- TASK DATA -
+++
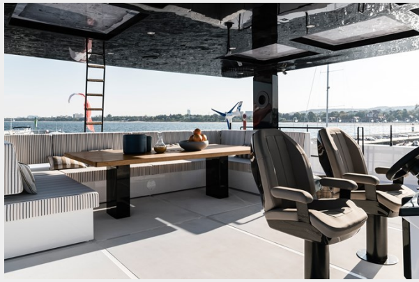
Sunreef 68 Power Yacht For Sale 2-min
+++
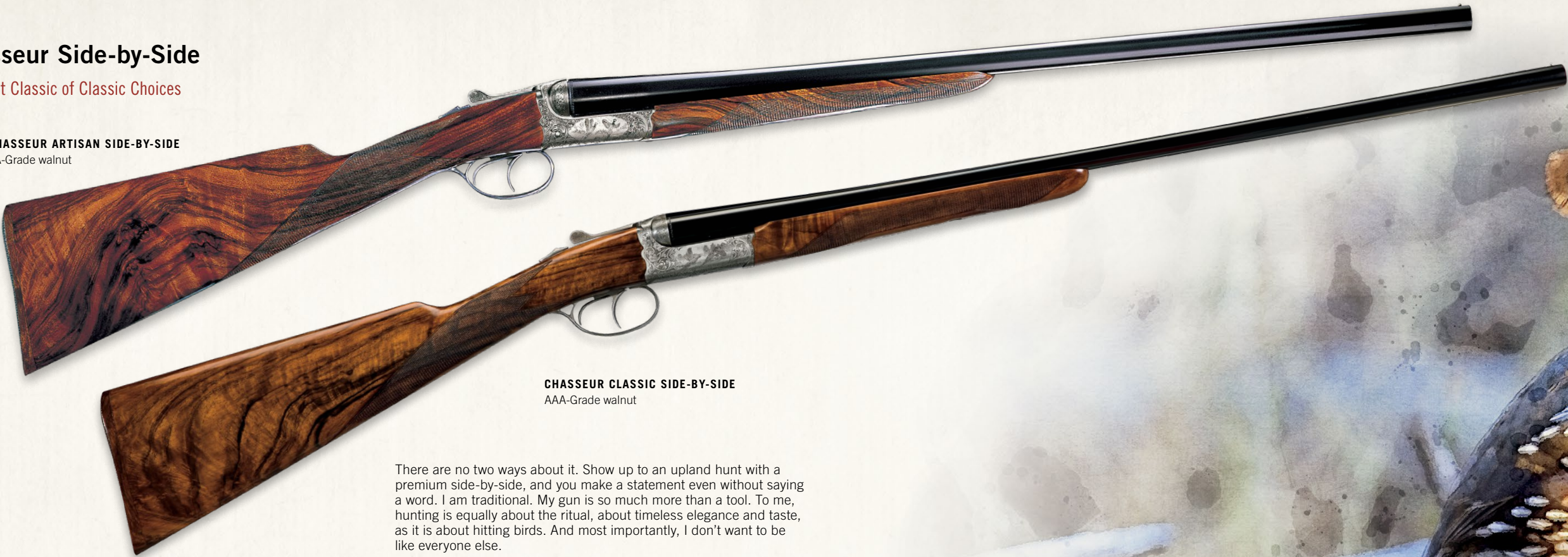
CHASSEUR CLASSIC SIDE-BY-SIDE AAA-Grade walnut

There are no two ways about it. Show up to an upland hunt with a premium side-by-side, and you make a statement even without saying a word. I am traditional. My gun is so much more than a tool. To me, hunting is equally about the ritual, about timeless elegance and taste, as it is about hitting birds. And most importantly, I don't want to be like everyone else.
+++
- DIRECTIONS FOR THIS TASK -
Please copy, exactly and with nothing else, the lines above beginning at the line that has "CHASSEUR CLASSIC SIDE-BY-SIDE" and ending with the line that has "There are no".

- WRITTEN SOLUTION -
CHASSEUR CLASSIC SIDE-BY-SIDE AAA-Grade walnut

There are no two ways about it. Show up to an upland hunt with a premium side-by-side, and you make a statement even without saying a word. I am traditional. My gun is so much more than a tool. To me, hunting is equally about the ritual, about timeless elegance and taste, as it is about hitting birds. And most importantly, I don't want to be like everyone else.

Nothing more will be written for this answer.